● What you have to do:
Only the text belongs in the copy. Transcribe the data exactly and drop any pictures.
Start of Block
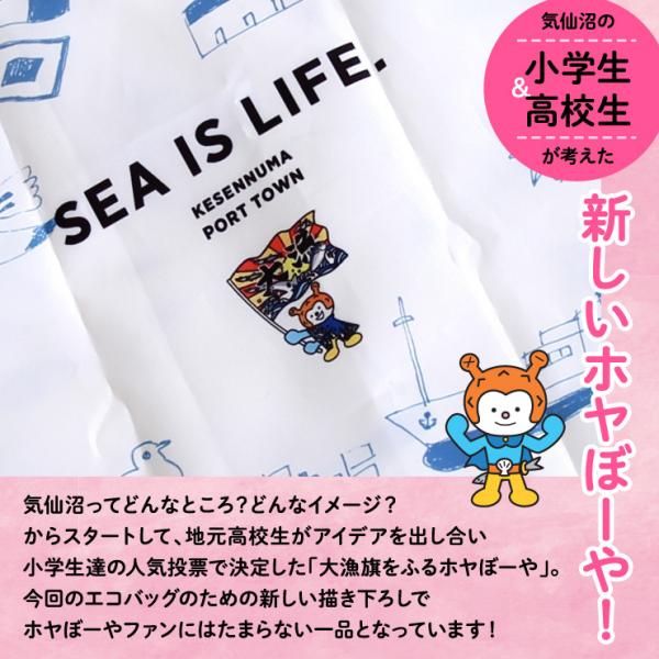 デザインされている「大漁旗をふるホヤぼーや」は、今回のエコバッグのために
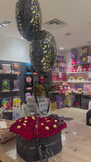 Heart with 75 Roses, Ferrero Rocher chocolate, and a bottle of Prosecco. This heart is different from the other in that it has 25 more roses and has more dimension. Bottle is pushed down so when it is removed, gap doesn’t look so evident.
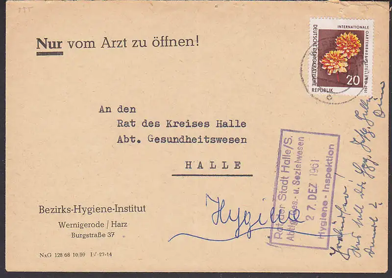 Vordruckbrief Nur vom Arzt zu ”ffnen! Wernigerode (855) mit Vermerk Irrl„ufer
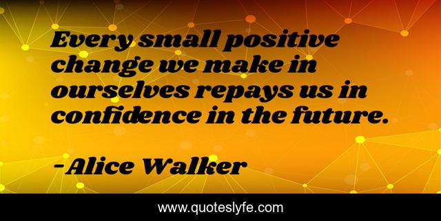 This page presents the quote "Every small positive change we make in ourselves repays us in confidence in the future.". Author of this quote is Alice Walker. .
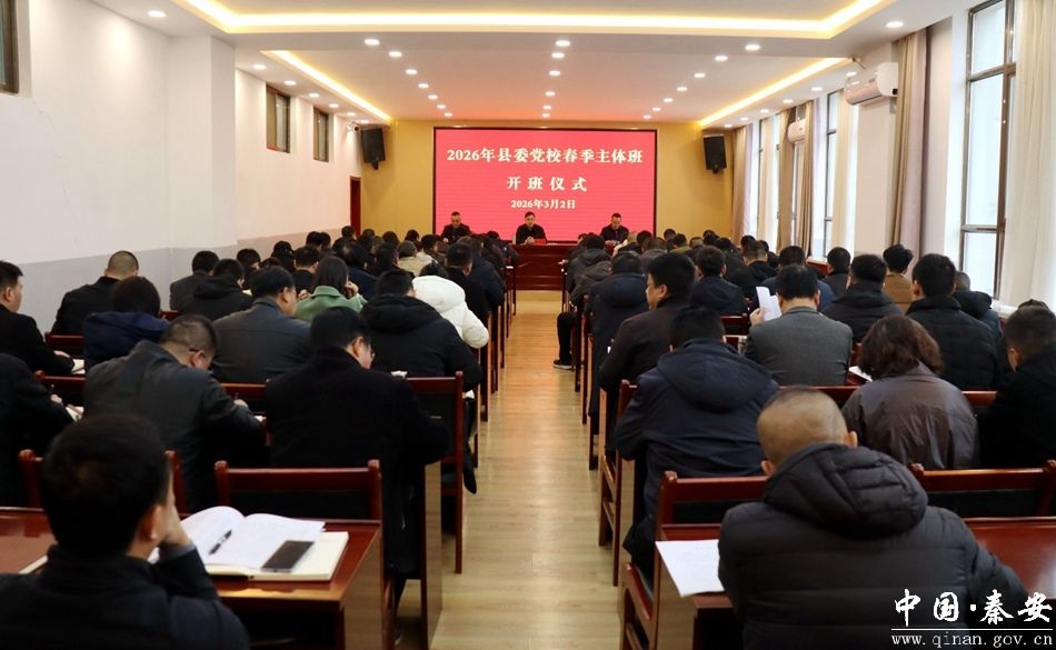 3月2日,秦安县委党校2026年春季学期主体班开班。县委副书记、党校校长张俊义出席开班仪式,并以《植根人民谋发展、胸怀大局谱新篇,在县域高质量发展实践中树立和践行正确政绩观》为题,进行了专题授课。县委组织部、县委党校有关负责同志,科级干部进修班、新任科级干部培训班参训学员等共计90余人参加开班仪式。
End of Block
● Exercise output:
 デザインされている「大漁旗をふるホヤぼーや」は、今回のエコバッグのために
 Heart with 75 Roses, Ferrero Rocher chocolate, and a bottle of Prosecco. This heart is different from the other in that it has 25 more roses and has more dimension. Bottle is pushed down so when it is removed, gap doesn’t look so evident.
 Vordruckbrief Nur vom Arzt zu ”ffnen! Wernigerode (855) mit Vermerk Irrl„ufer
 This page presents the quote "Every small positive change we make in ourselves repays us in confidence in the future.". Author of this quote is Alice Walker. .
 3月2日,秦安县委党校2026年春季学期主体班开班。县委副书记、党校校长张俊义出席开班仪式,并以《植根人民谋发展、胸怀大局谱新篇,在县域高质量发展实践中树立和践行正确政绩观》为题,进行了专题授课。县委组织部、县委党校有关负责同志,科级干部进修班、新任科级干部培训班参训学员等共计90余人参加开班仪式。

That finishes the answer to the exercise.